What the case is about
Those bringing the claims are Chagossians, British citizens, and people who want to stay British. In their telling, the UK Government has come up short on five counts — a set of duties they say were never met:
- genuine consultation over resettlement, rights of abode, fishing and the interests tied to them;
- a fair and rational weighing of their rights, all the more so now that national security is no longer the reason given for shutting them out of the outer islands;
- proper discharge of the Public Sector Equality Duty (PSED);
- procedural fairness bound up with the right of self-determination; and
- compliance with the human-rights obligations owed to British citizens.
One point is worth stating plainly: the Treaty itself is not under attack here. The claimants are not asking the Court to undo the May 2025 UK–Mauritius treaty. Their sights are set instead on domestic British decisions — the things that remain firmly within the UK's own jurisdiction and control — and the real-world effect those decisions have on Chagossians.
The legal grounds, as the claimants put them
Ground 1 — the duty to consult. Before it ever acted, the Government owed Chagossians a proper consultation on resettlement, rights of abode, fishing rights and the decisions around them, the claimants argue. They add that an earlier decision on the papers got this ground wrong, reading it as a quarrel with the signing of the treaty — which, they insist, it never was.

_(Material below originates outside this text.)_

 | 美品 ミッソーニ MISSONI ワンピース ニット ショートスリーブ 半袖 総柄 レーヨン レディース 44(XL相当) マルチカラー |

Ground 2 — irrationality and failure to consider. On the claimants' case, Chagossian interests were never rationally weighed at all — a glaring omission once the Government itself accepted that national security no longer warrants keeping a civilian population off the outer islands. The Bancoult line of authorities, they say, confirms that questions like these are open to judicial review and can be looked at afresh as circumstances move on.
Ground 3 — the equality duty (PSED). An Equality Impact Assessment (EIA) was mentioned by the Foreign Office, yet — according to the claimants — it was never handed over as part of the decision-making record. Sitting on documents of that importance, they contend, offends the duty of candour and blocks any real scrutiny of whether the PSED was met. They lean on authorities such as Tweed, R (Chief Constable of the Police Service of Northern Ireland) v Police Superintendents' Association, and National Bank of Anguilla — each stressing that the withholding of crucial material can, on its own, be reason enough to grant permission.

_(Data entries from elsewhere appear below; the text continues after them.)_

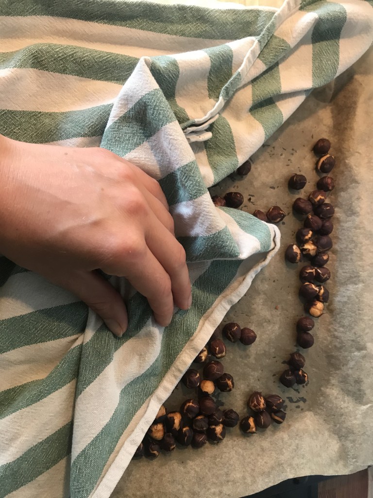 - Bruk et rent kjøkkenhåndkle og gni nøttene mellom henda inni håndkleet. På denne måten faller skallet av (det har ofte bitter smak).
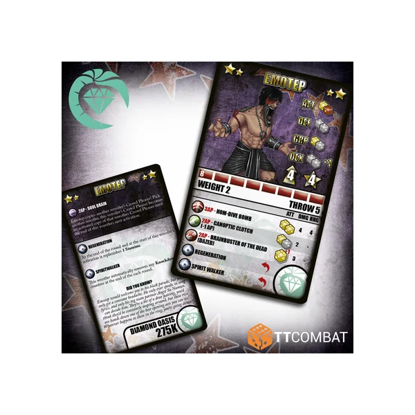 Ces superstars sans âme sont à ne surtout pas sous-estimer.Emotep est le spécialiste du grappling. Son mouvement signature, le Canoptic Clutch, ne laisse aucune chance à ses adversaires. Mais attention : son attaque Hom-Dive Bomb inflige 4 Dégâts et, combinée à sa Régénération, fait de lui un combattant redoutable, même contre les plus massifs.
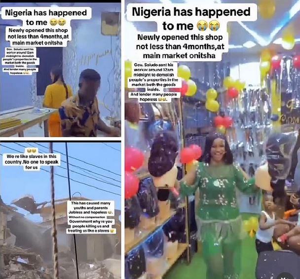 A trader in Onitsha has taken to social media in tears after her newly opened shop was reportedly demolished in the middle of the night at the popular Onitsha Main Market.Read Original/Read Complete.
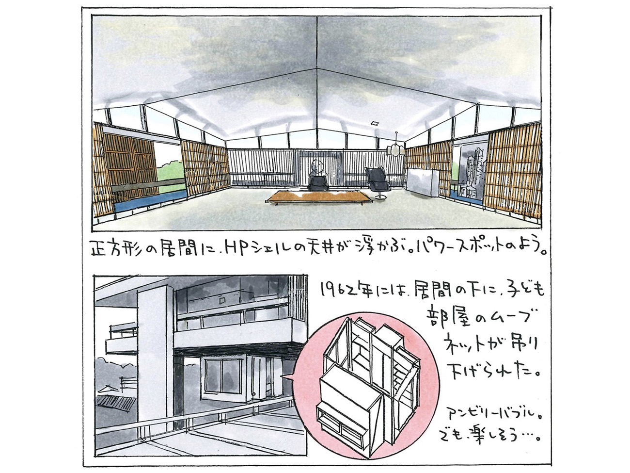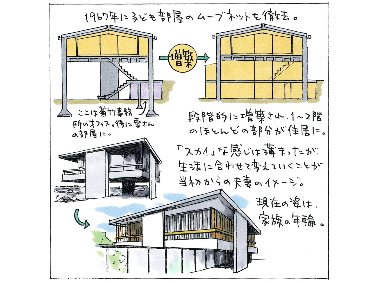 「夫人がなんだかかわいそう」と筆者が思ったのは、当初の家に夫人が1人になる場所がないからだ。だが、考えてみると、菊竹の書斎もない。夫婦が対等だ。設計したのは雪さんが生まれる前。その時点では、2人だけで気兼ねなく暮らせる大きなワンルームの家だったのだ。

Ground 4 — Article 14 of the ECHR (discrimination). Whether or not BIOT sits beyond the reach of the Human Rights Act scheme, what is at stake are UK decisions about British citizens — so the Article 14 discrimination arguments are not switched off.

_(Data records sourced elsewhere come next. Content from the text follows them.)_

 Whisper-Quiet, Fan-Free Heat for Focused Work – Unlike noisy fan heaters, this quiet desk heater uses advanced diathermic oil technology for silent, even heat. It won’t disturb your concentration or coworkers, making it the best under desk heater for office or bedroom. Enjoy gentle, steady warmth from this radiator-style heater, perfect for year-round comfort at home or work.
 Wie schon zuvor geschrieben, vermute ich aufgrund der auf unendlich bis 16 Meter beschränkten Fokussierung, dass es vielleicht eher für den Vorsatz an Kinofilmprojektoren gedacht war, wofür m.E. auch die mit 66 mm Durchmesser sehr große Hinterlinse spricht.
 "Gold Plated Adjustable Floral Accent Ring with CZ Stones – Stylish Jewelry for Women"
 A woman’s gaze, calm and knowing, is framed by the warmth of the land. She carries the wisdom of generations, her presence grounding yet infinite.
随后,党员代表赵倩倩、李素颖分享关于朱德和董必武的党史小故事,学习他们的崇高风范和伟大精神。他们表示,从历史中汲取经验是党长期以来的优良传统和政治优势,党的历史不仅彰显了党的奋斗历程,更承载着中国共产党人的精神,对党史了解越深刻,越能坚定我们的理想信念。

Ground 5 — procedural fairness and self-determination. On matters that go to the very core of their lives, Chagossians were owed a fair process — a consultation, a survey, perhaps a referendum — to find out what they actually wanted.
Ground 6 — Article 8 (private and family life). Tending ancestral graves, keeping up family ties, sustaining a culture — all of it is touched by these decisions. Article 8 may grant no “land right”, but it does insist on fair procedures before any decision that weighs heavily on private and family life.
What Tuesday actually decides
Tuesday is a permission hearing, argued orally. No one is inviting the judge to settle the full judicial review just yet — the single question is whether the claim is arguable enough to deserve a full hearing.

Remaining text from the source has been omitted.